▶ [Work instruction] The required output is a verbatim transcription of the listing, pictures excluded.

▶ [Data below]
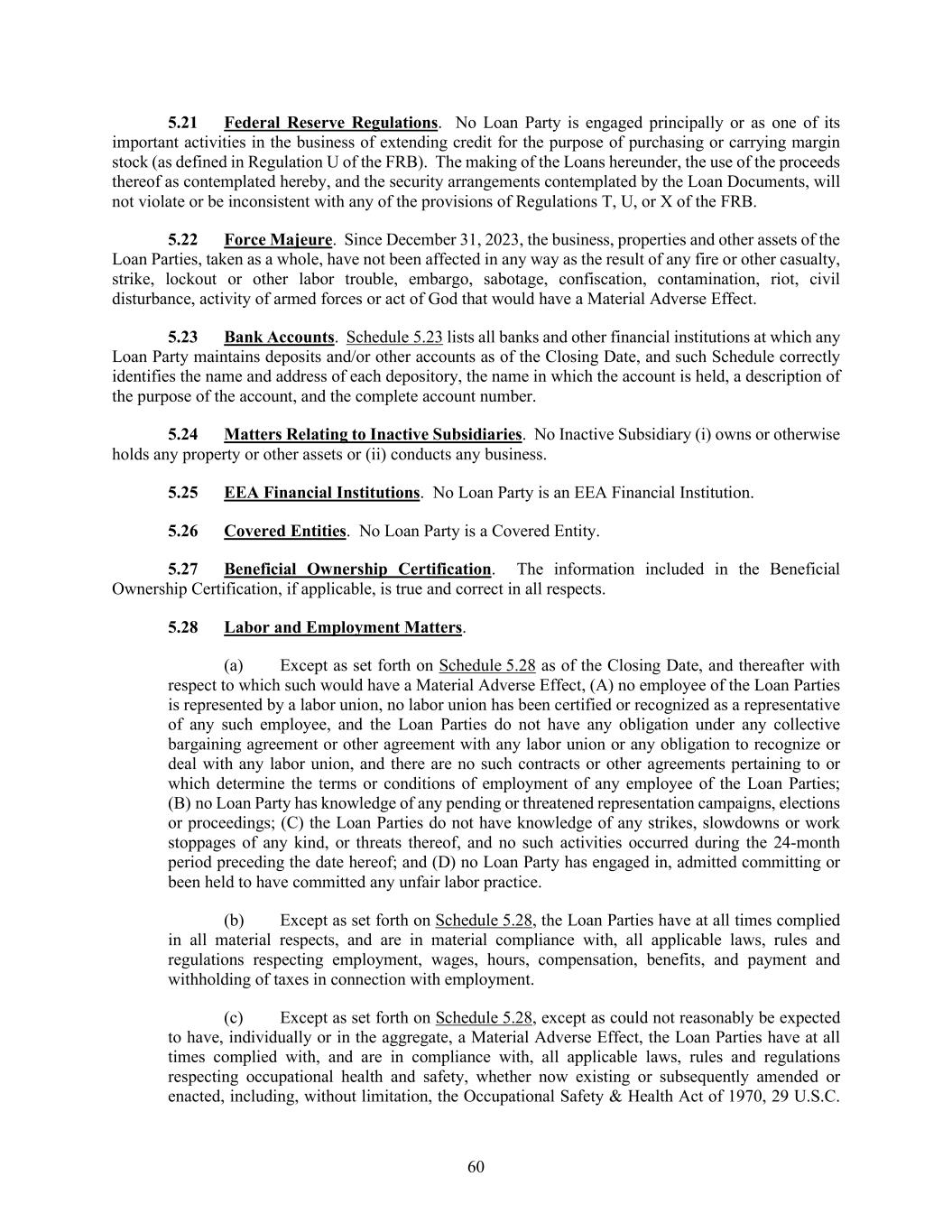 60 5.21 Federal Reserve Regulations. No Loan Party is engaged principally or as one of its important activities in the business of extending credit for the purpose of purchasing or carrying margin stock (as defined in Regulation U of the FRB). The making of the Loans hereunder, the use of the proceeds thereof as contemplated hereby, and the security arrangements contemplated by the Loan Documents, will not violate or be inconsistent with any of the provisions of Regulations T, U, or X of the FRB. 5.22 Force Majeure. Since December 31, 2023, the business, properties and other assets of the Loan Parties, taken as a whole, have not been affected in any way as the result of any fire or other casualty, strike, lockout or other labor trouble, embargo, sabotage, confiscation, contamination, riot, civil disturbance, activity of armed forces or act of God that would have a Material Adverse Effect. 5.23 Bank Accounts. Schedule 5.23 lists all banks and other financial institutions at which any Loan Party maintains deposits and/or other accounts as of the Closing Date, and such Schedule correctly identifies the name and address of each depository, the name in which the account is held, a description of the purpose of the account, and the complete account number. 5.24 Matters Relating to Inactive Subsidiaries. No Inactive Subsidiary (i) owns or otherwise holds any property or other assets or (ii) conducts any business. 5.25 EEA Financial Institutions. No Loan Party is an EEA Financial Institution. 5.26 Covered Entities. No Loan Party is a Covered Entity. 5.27 Beneficial Ownership Certification. The information included in the Beneficial Ownership Certification, if applicable, is true and correct in all respects. 5.28 Labor and Employment Matters. (a) Except as set forth on Schedule 5.28 as of the Closing Date, and thereafter with respect to which such would have a Material Adverse Effect, (A) no employee of the Loan Parties is represented by a labor union, no labor union has been certified or recognized as a representative of any such employee, and the Loan Parties do not have any obligation under any collective bargaining agreement or other agreement with any labor union or any obligation to recognize or deal with any labor union, and there are no such contracts or other agreements pertaining to or which determine the terms or conditions of employment of any employee of the Loan Parties; (B) no Loan Party has knowledge of any pending or threatened representation campaigns, elections or proceedings; (C) the Loan Parties do not have knowledge of any strikes, slowdowns or work stoppages of any kind, or threats thereof, and no such activities occurred during the 24-month period preceding the date hereof; and (D) no Loan Party has engaged in, admitted committing or been held to have committed any unfair labor practice. (b) Except as set forth on Schedule 5.28, the Loan Parties have at all times complied in all material respects, and are in material compliance with, all applicable laws, rules and regulations respecting employment, wages, hours, compensation, benefits, and payment and withholding of taxes in connection with employment. (c) Except as set forth on Schedule 5.28, except as could not reasonably be expected to have, individually or in the aggregate, a Material Adverse Effect, the Loan Parties have at all times complied with, and are in compliance with, all applicable laws, rules and regulations respecting occupational health and safety, whether now existing or subsequently amended or enacted, including, without limitation, the Occupational Safety & Health Act of 1970, 29 U.S.C.
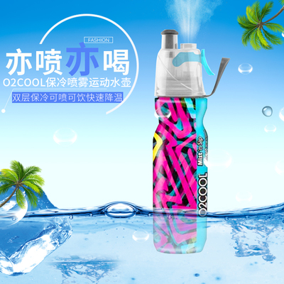 Hoa Kỳ O2COOL thể thao sáng tạo chai tay cup xách tay mùa hè đa chức năng spray cup nam và nữ chai nước sinh viên bình nước thể thao bóng đá
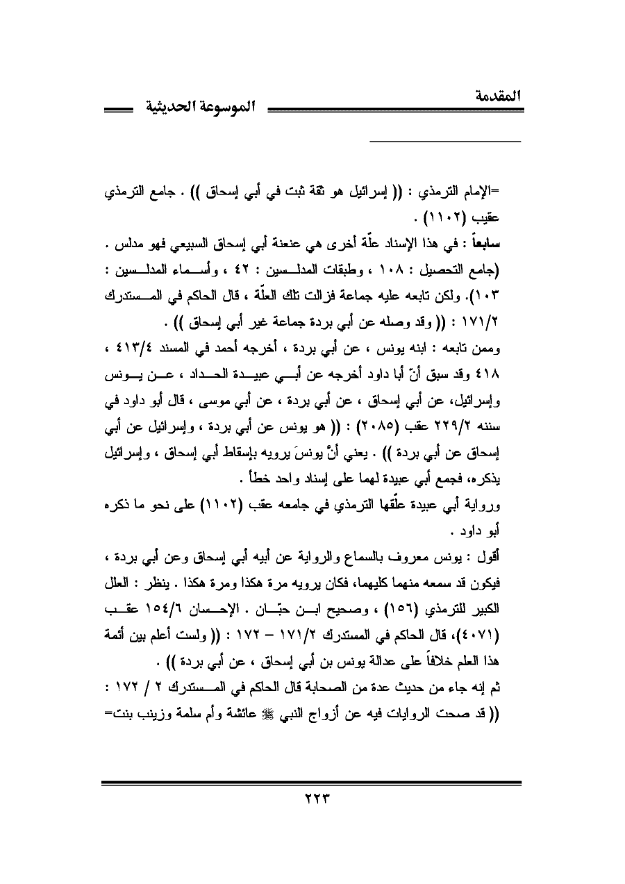 (جامع التحصيل: ١٠٨، وطبقات المدلسين: ٤٢، وأسماء المدلسين: ١٠٣). ولكن تابعه عليه جماعة فزالت تلك العلّة، قد الحاكم في المستدرك ٢/ ١٧١:"وقد وصله عن أبي بردة جماعة غير أبي إسحاق".

▶ [Answer below]
 60 5.21 Federal Reserve Regulations. No Loan Party is engaged principally or as one of its important activities in the business of extending credit for the purpose of purchasing or carrying margin stock (as defined in Regulation U of the FRB). The making of the Loans hereunder, the use of the proceeds thereof as contemplated hereby, and the security arrangements contemplated by the Loan Documents, will not violate or be inconsistent with any of the provisions of Regulations T, U, or X of the FRB. 5.22 Force Majeure. Since December 31, 2023, the business, properties and other assets of the Loan Parties, taken as a whole, have not been affected in any way as the result of any fire or other casualty, strike, lockout or other labor trouble, embargo, sabotage, confiscation, contamination, riot, civil disturbance, activity of armed forces or act of God that would have a Material Adverse Effect. 5.23 Bank Accounts. Schedule 5.23 lists all banks and other financial institutions at which any Loan Party maintains deposits and/or other accounts as of the Closing Date, and such Schedule correctly identifies the name and address of each depository, the name in which the account is held, a description of the purpose of the account, and the complete account number. 5.24 Matters Relating to Inactive Subsidiaries. No Inactive Subsidiary (i) owns or otherwise holds any property or other assets or (ii) conducts any business. 5.25 EEA Financial Institutions. No Loan Party is an EEA Financial Institution. 5.26 Covered Entities. No Loan Party is a Covered Entity. 5.27 Beneficial Ownership Certification. The information included in the Beneficial Ownership Certification, if applicable, is true and correct in all respects. 5.28 Labor and Employment Matters. (a) Except as set forth on Schedule 5.28 as of the Closing Date, and thereafter with respect to which such would have a Material Adverse Effect, (A) no employee of the Loan Parties is represented by a labor union, no labor union has been certified or recognized as a representative of any such employee, and the Loan Parties do not have any obligation under any collective bargaining agreement or other agreement with any labor union or any obligation to recognize or deal with any labor union, and there are no such contracts or other agreements pertaining to or which determine the terms or conditions of employment of any employee of the Loan Parties; (B) no Loan Party has knowledge of any pending or threatened representation campaigns, elections or proceedings; (C) the Loan Parties do not have knowledge of any strikes, slowdowns or work stoppages of any kind, or threats thereof, and no such activities occurred during the 24-month period preceding the date hereof; and (D) no Loan Party has engaged in, admitted committing or been held to have committed any unfair labor practice. (b) Except as set forth on Schedule 5.28, the Loan Parties have at all times complied in all material respects, and are in material compliance with, all applicable laws, rules and regulations respecting employment, wages, hours, compensation, benefits, and payment and withholding of taxes in connection with employment. (c) Except as set forth on Schedule 5.28, except as could not reasonably be expected to have, individually or in the aggregate, a Material Adverse Effect, the Loan Parties have at all times complied with, and are in compliance with, all applicable laws, rules and regulations respecting occupational health and safety, whether now existing or subsequently amended or enacted, including, without limitation, the Occupational Safety & Health Act of 1970, 29 U.S.C.
 Hoa Kỳ O2COOL thể thao sáng tạo chai tay cup xách tay mùa hè đa chức năng spray cup nam và nữ chai nước sinh viên bình nước thể thao bóng đá
 (جامع التحصيل: ١٠٨، وطبقات المدلسين: ٤٢، وأسماء المدلسين: ١٠٣). ولكن تابعه عليه جماعة فزالت تلك العلّة، قد الحاكم في المستدرك ٢/ ١٧١:"وقد وصله عن أبي بردة جماعة غير أبي إسحاق".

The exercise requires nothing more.